SESSION = boto3.session.Session(
    aws_access_key_id=getpass.getpass('aws access key id: '),
    aws_secret_access_key=getpass.getpass('aws secret access key: '),
    region_name='us-east-1
)

def delay_cts(iata):
    # create a dynamodb resource
    # ------------- #
    # FILL ME IN!!! #
    # ------------- #
    
    # use the dynamodb resource to access the AirportWeather table
    # (call it aw)
    # ------------- #
    # FILL ME IN!!! #
    # ------------- #
    
    # create a key condition expression which asserts that the key
    # `IATA` must have the value of our function's parameter, `iata`.

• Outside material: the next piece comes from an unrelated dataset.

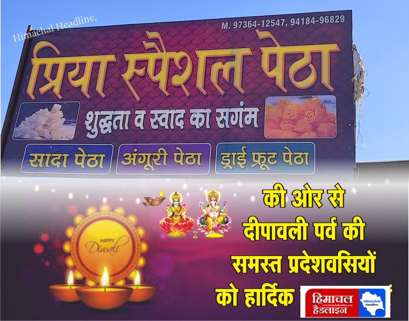 प्रिया पेठा हमीरपुर की ओर से समस्त प्रदेशवासियों को दीपावली की हार्दिक शुभकामनाएं! 🌟✨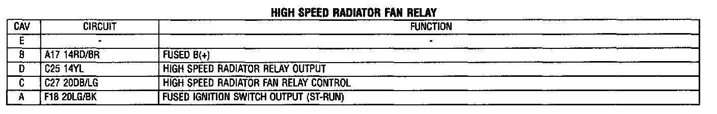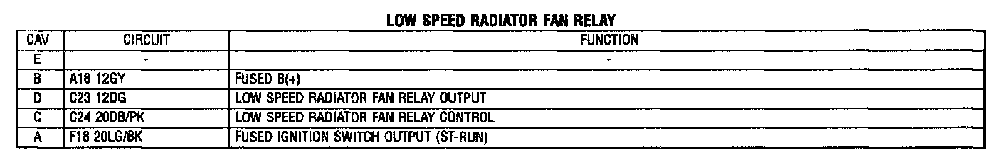 Low Speed Radiator Fan Relay:

    # name this condition `kce`
    # ------------- #
    # FILL ME IN!!! #
    # ------------- #
    
    # create a filter expression which asserts that the attribute
    # `delay` must have the (string) value `"true"`. name this 
    # condition `fe`
    # ------------- #
    # FILL ME IN!!! #
    # ------------- #
    
    # replace the `None` items below with the appropriate 
    response = aw.query(
        Select="COUNT",
        KeyConditionExpression=kce,
        FilterExpression=fe
    )
    
    # the `response` object should have a key-value pair for both 
    # the total number of items scanned for this IATA and also for
    # the number of items which had a delay. get these two values
    # and return them along with the IATA code as a ditionary
    return {
        'iata': iata,
        'total_count': None,  # <-- REPLACE `None` !!!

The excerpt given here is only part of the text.